-- Opening Marker --

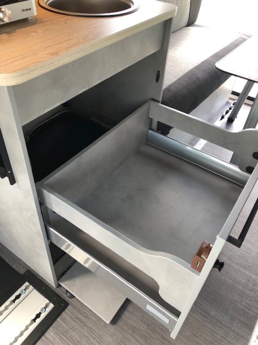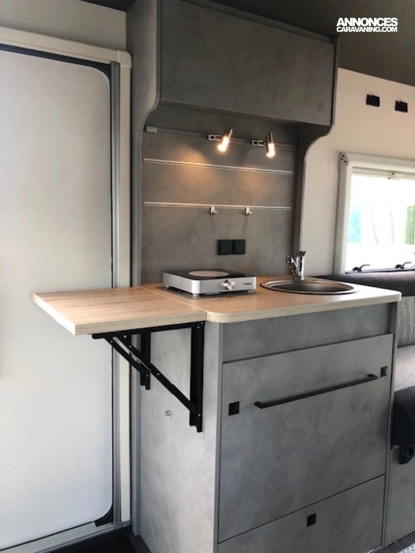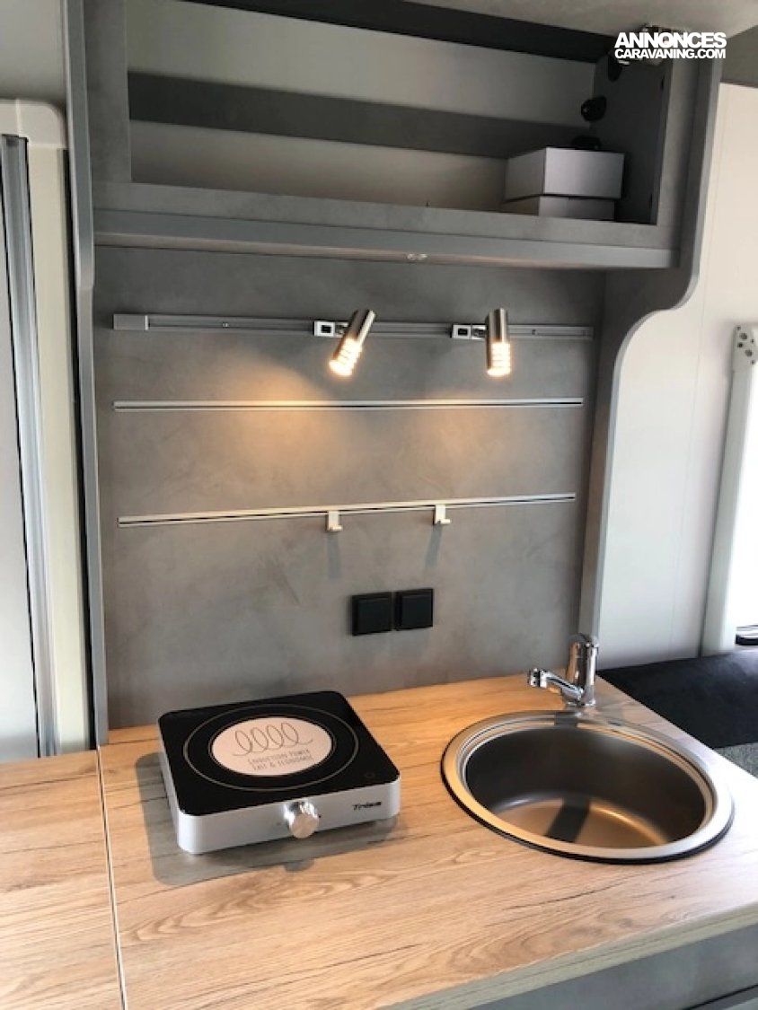 Cuisine pratique avec réchaud à induction et bidons d’eau propre et d’eaux usées
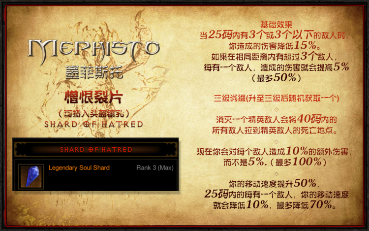 憎恨裂片在25赛季中会是部分职业的选择,和恐惧碎片不同,它的三级威能肯定要选额外增伤,这样对于某些进度难受王战轻松的职业——比如魔法师的手动水果刀和猎魔人的暗影三刀——来说它提供的增伤会是最高的。
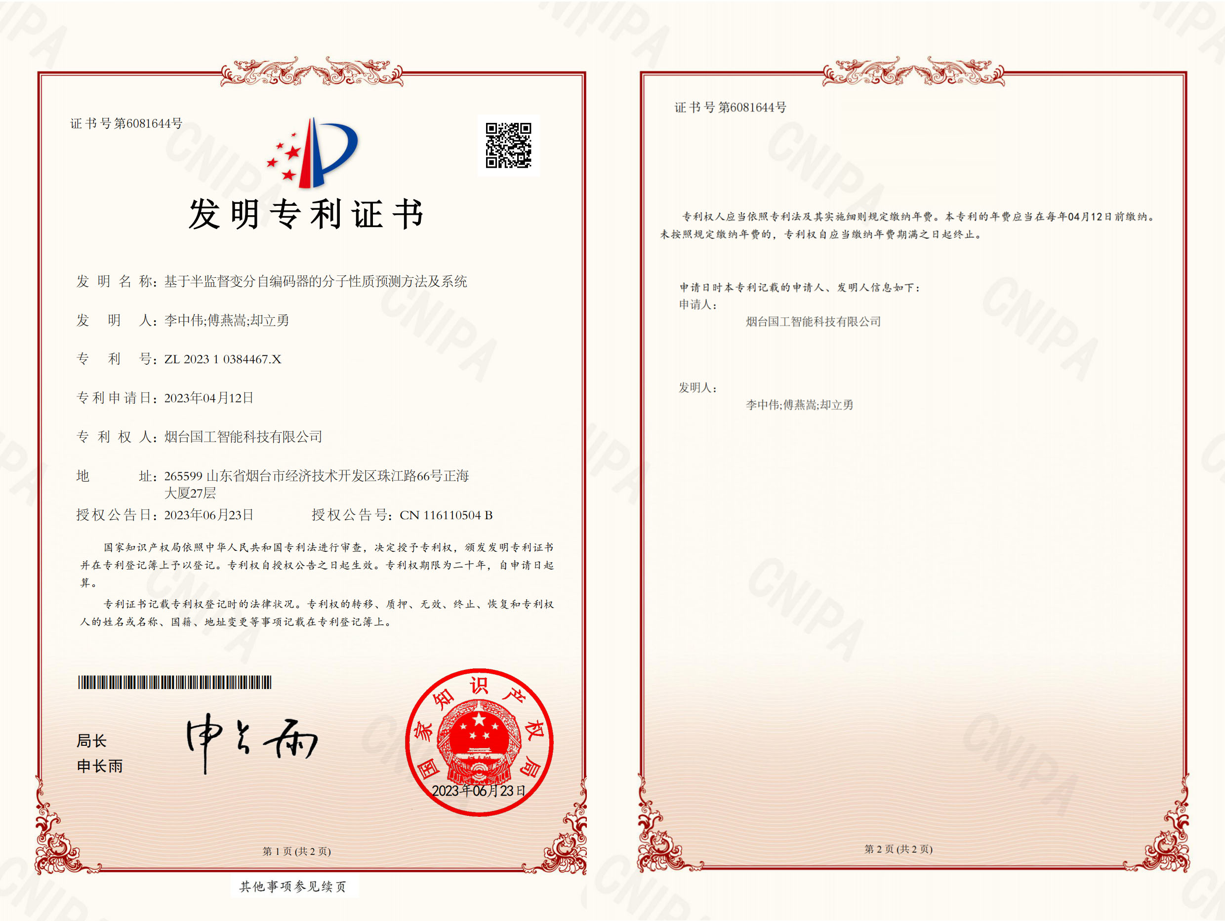 近日,國工智能新添國家知識產(chǎn)權(quán)局頒發(fā)的一項發(fā)明專利證書“ 基于半監(jiān)督變分自編碼器的分子性質(zhì)預(yù)測方法及系統(tǒng)”,這有力體現(xiàn)了國工在人工智能技術(shù)領(lǐng)域的核心競爭力。
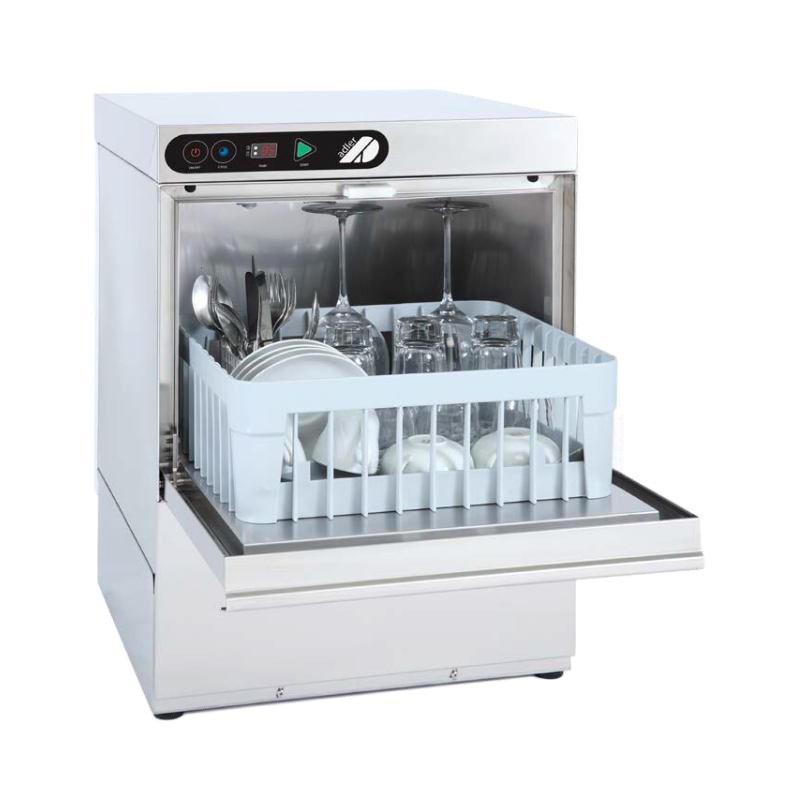Lavavajillas industrial cesta 50x50, fabricado en acero inoxidable tanto en interior como en exterior.

-- Closing Marker --

> **Assignment**
Give back the whole listing as it stands, minus its pictures.

> **Reply to the task**
 Cuisine pratique avec réchaud à induction et bidons d’eau propre et d’eaux usées
 憎恨裂片在25赛季中会是部分职业的选择,和恐惧碎片不同,它的三级威能肯定要选额外增伤,这样对于某些进度难受王战轻松的职业——比如魔法师的手动水果刀和猎魔人的暗影三刀——来说它提供的增伤会是最高的。
 近日,國工智能新添國家知識產(chǎn)權(quán)局頒發(fā)的一項發(fā)明專利證書“ 基于半監(jiān)督變分自編碼器的分子性質(zhì)預(yù)測方法及系統(tǒng)”,這有力體現(xiàn)了國工在人工智能技術(shù)領(lǐng)域的核心競爭力。
Lavavajillas industrial cesta 50x50, fabricado en acero inoxidable tanto en interior como en exterior.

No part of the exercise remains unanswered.